Lol they indeed dance, sometimes a bit more than you'd like while trying to get a good photo lol...

I also had nymbit and cyprus from L2 but traded dmina cyprus in exchange for a female, definitely will attempt to breed when timings right and will let you know the status.

I really wish I could get ahold of a batch of moths and butterflies myself, but Illinois is still locked down with winter weather and don't think anyone here breeds them... Let alone know if they'd even make a 2-3 day trip through the mail.


----------



## dmina (Feb 3, 2015)

I know I keep looking for something different to feed them.. feel like they might get bored.. but I guess what we are feeding is better then nothing... I had some seed moths going a couple months back... man... the mantis loved the larvae... they turned to moths... and bred... but no new larvae as of yet... I will let you know if something shows up again..
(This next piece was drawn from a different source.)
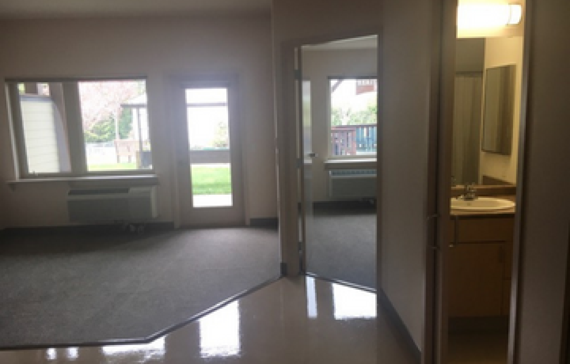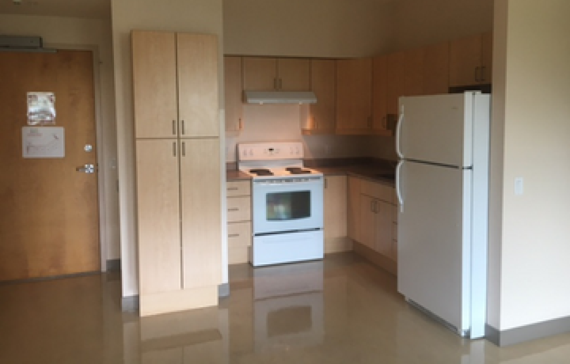 All suites have a full kitchen with a regular size fridge and stove, as well as space for a microwave and a generous storage area. Washrooms in suites are fully accessible and contain walk-in showers, grab bars and built in seating.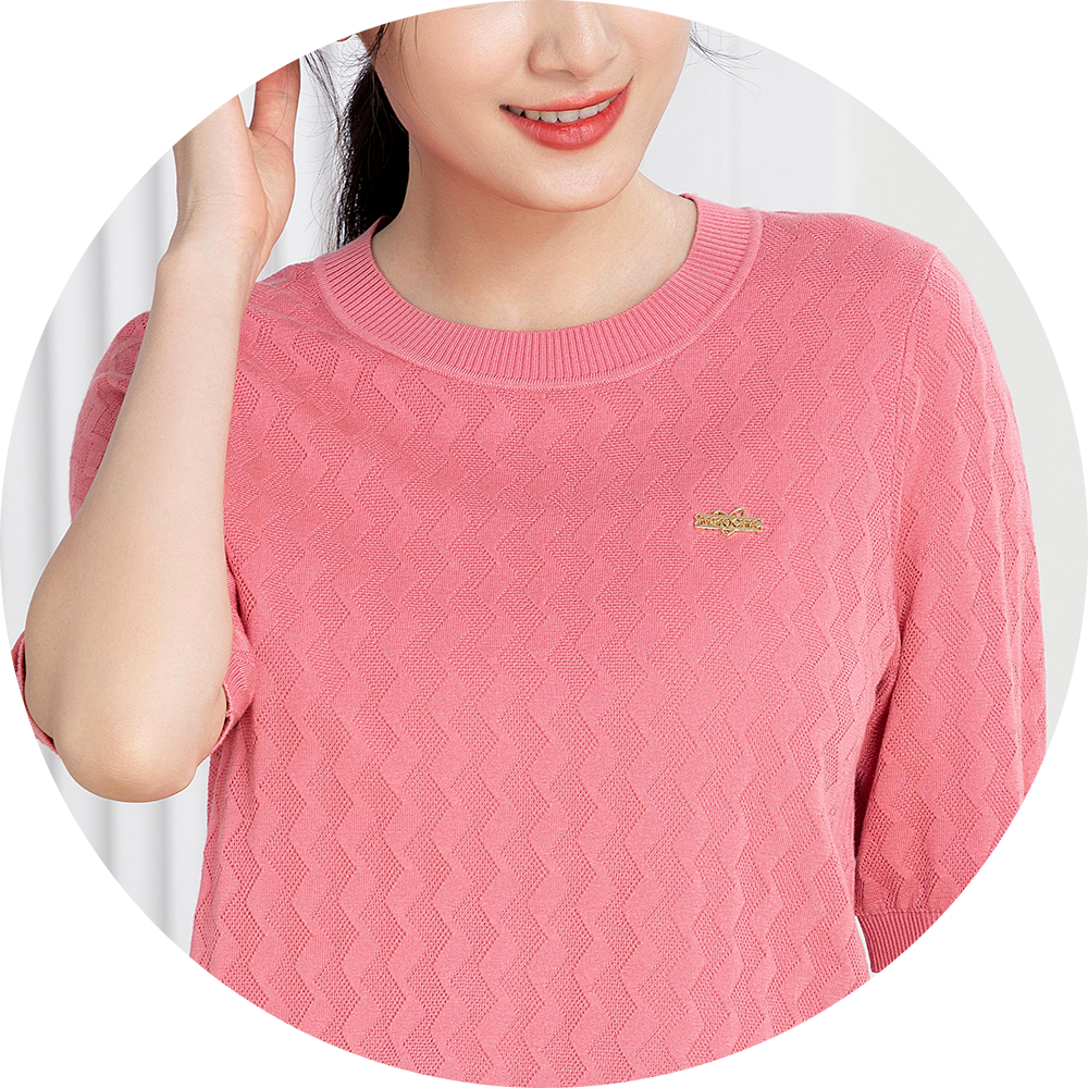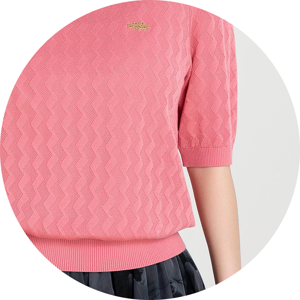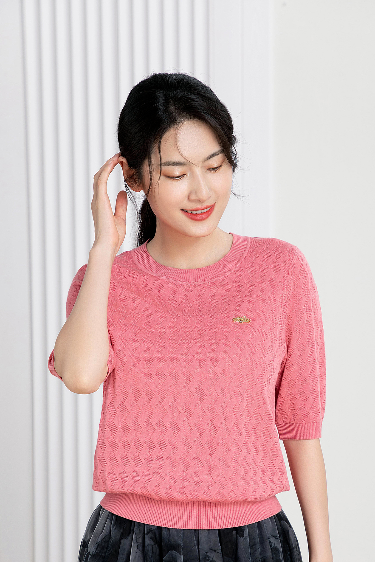 伯妮斯茵 | 温柔甜美风 粉色波浪纹圆领短袖针织衫 春夏气质百搭上衣 HJ3E01

Really keeping my fingers crossed that I can breed them.. as they are a favorite!


----------



## dmina (Feb 3, 2015)

randa4 said:


> Also live in Tucson, and the weather has been in the 70's during the day, and not too cold at night - will work on collecting moths from some lights outside to give both mantids some flying treats. There are also butterflies out during the day, and think they would work well also. Hesitated to say this, since you all still have winter. Instead of that we get blazing hot from May-September, and since I do not like cold, it is fine with me. This time of year of SoCal weather, clear blue skies and warm.It is wonderful to chat mantids with you both, and I am really glad I joined the group. Since I am a newbie, know I will pester you both with questions, and would always like to hear how your mantids are doing. Thanks again.


No pestering.. ask away.. love to talk mantids.. and happy to help all I can.. very new to this myself!

And do you happen to have a spare room or 2? I love Arizona.. would move there in a heartbeat!... I have been there 3 times so far.. Just have to find a way to get there permanently!

I am glad you found the group also...So glad you like to talk! now all we need is some pics from you! Looking forward to those babies coming...


----------



## randa4 (Feb 3, 2015)

Can't wait to get my Ghosta ad start taking pics! Denise, your photo album is wonderful, and really liked the Creo female and ooth.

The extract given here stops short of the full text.